Он ждет меня под старым фонарем. Я его окликаю. Хватаю. Сжимаю. Растворяюсь в нем без остатка. Я невинная дурочка, опытная развратница, избалованная принцесса, вражеская лазутчица. Я могу быть любой, только покрепче стисни меня в объятиях, прижми к своим холодным доспехам, сделай меня своим знаменем, спаси от лесных разбойников. (Возможны варианты…) И вдруг я замечаю в нем незначительный недостаток, мелкую погрешность, странную слабость — и кричу, что меня обманули! Не того подсунули! Я обнажаю клинок, и предатель повергнут! Я не сдаюсь. Однажды я встречу ЕГО.
Того самого, единственного. Он станет моим мужем…
Неудивительно, что у меня такие проблемы с душой. Ведь я готова подарить ее первому встречному принцу!

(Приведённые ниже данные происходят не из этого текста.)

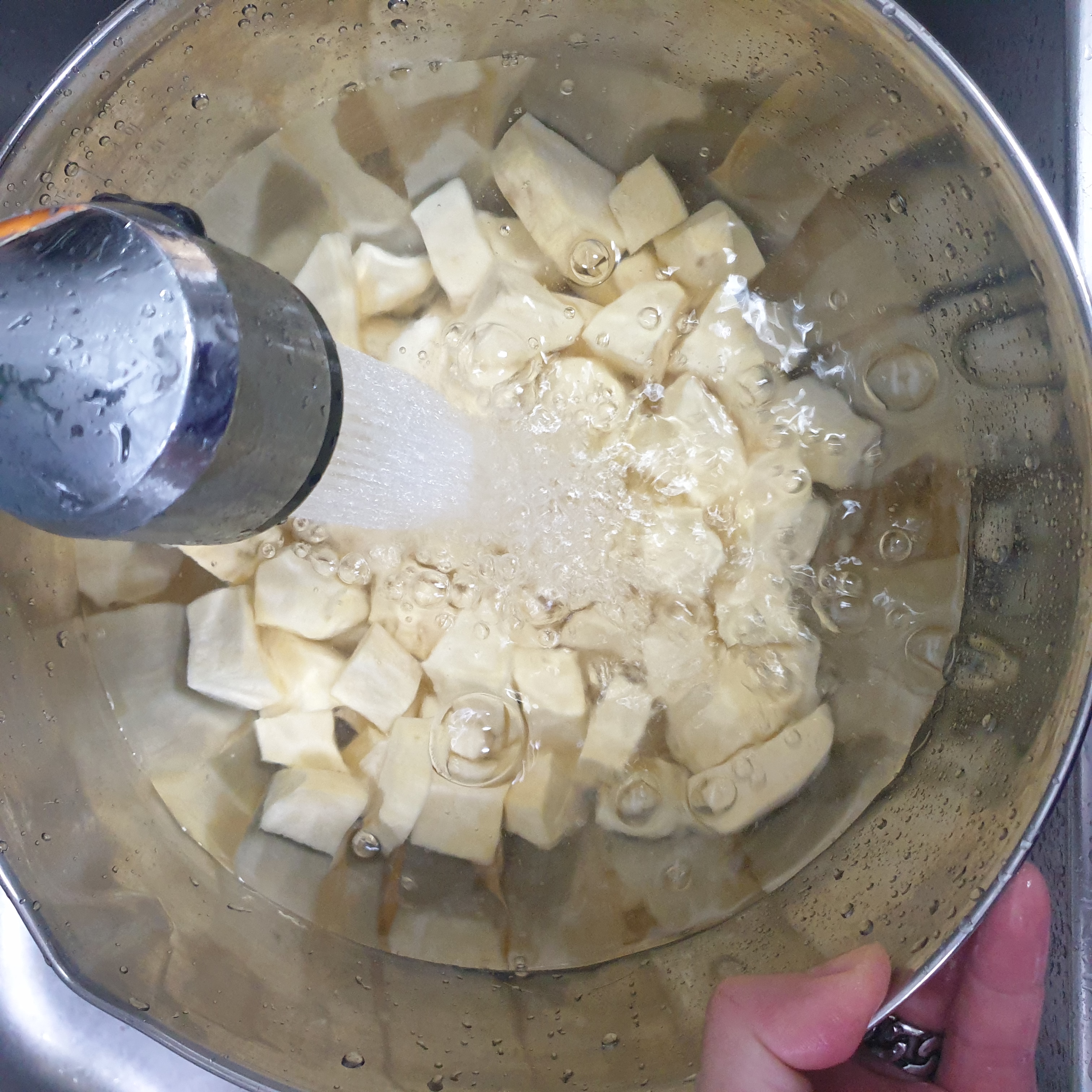 8.끓어오르면 익힌고구마를 넉고 재빠를게 버무린다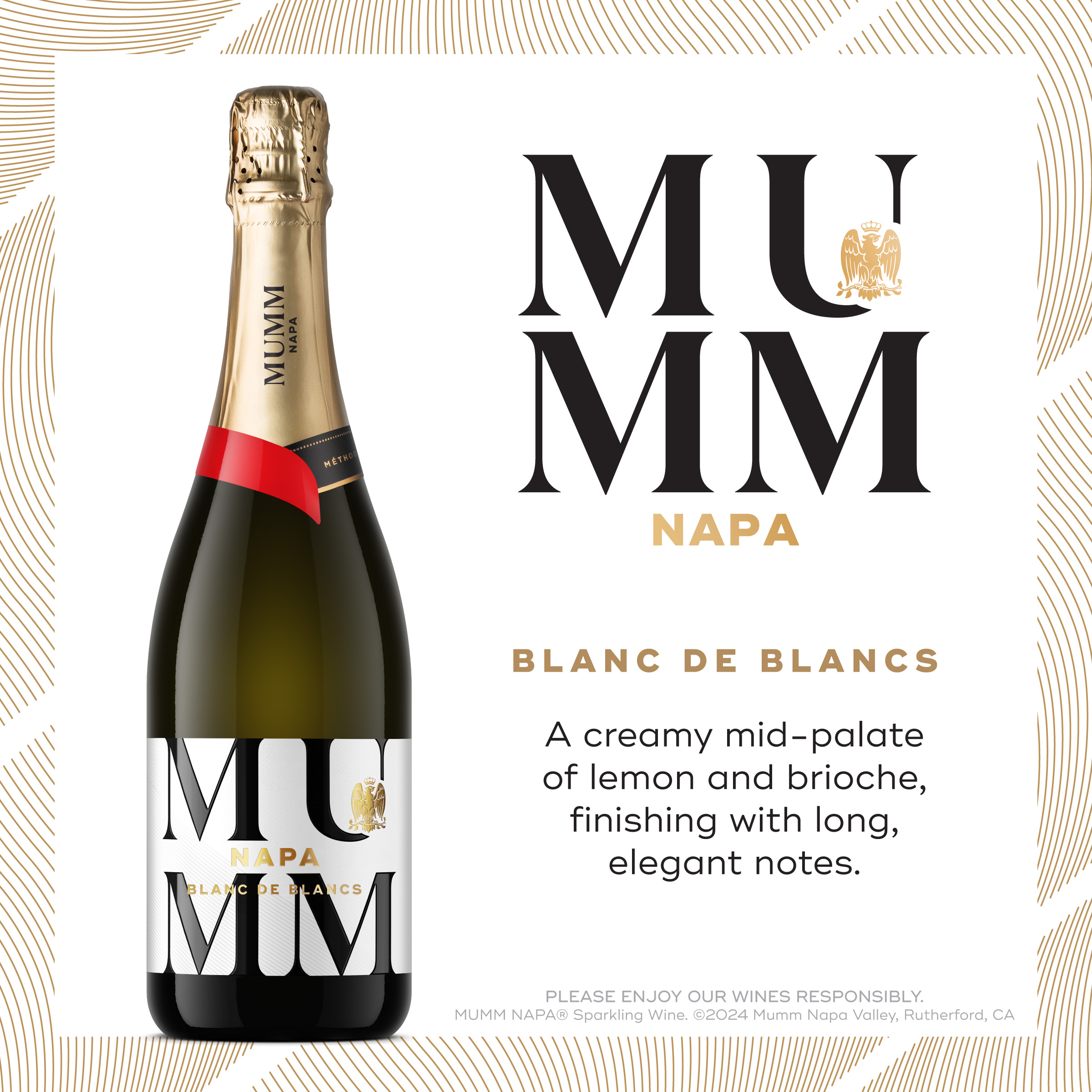 - NAPA APPELLATED: The new Mumm Napa range showcases a true sense of place with premium sparkling wines crafted using the Méthode Traditionnelle

Мороженое оказалось до безобразия жирным и сладким. Я забираюсь на кровать Бонни, лежу на покрывале среди подушек, на которых тончайшей нитью вышиты грубые истины: «I’ve said No and it’s final»[15], «No guts no glory»[16].
Как все запущено!
Кажется, она только и делает, что ждет Его.
Отца.
А ведь Он живет в одной квартире с ней. На двери значится Его имя. Вот Его кресло, пепельница, приемник, пластинки. Воскресным утром Он в распахнутой пижаме бродит босиком по квартире. В одной руке — чашка кофе с молоком, в другой — сигарета. Он ставит пластинку и начинает танцевать, заполняя собой всю комнату. Cachito-cachito-cachito-mio[17]. Приседая на длинных ногах, покачивая плечами, вытягивая руки в стороны, с закрытыми глазами движется в такт музыке. Поет, надувая губы, как негр на конверте. Девочка сидит на корточках у самой двери и смотрит на Него. Он все время ставит одну и ту же песню. Она не смеет Ему мешать. Какой Он красивый, особенно когда танцует! Какое счастье наблюдать за Ним вот так, издалека. Главное — не занимать места, пусть кружится по всей комнате. Она легонько поводит руками, танцует вместе с Ним, но на расстоянии.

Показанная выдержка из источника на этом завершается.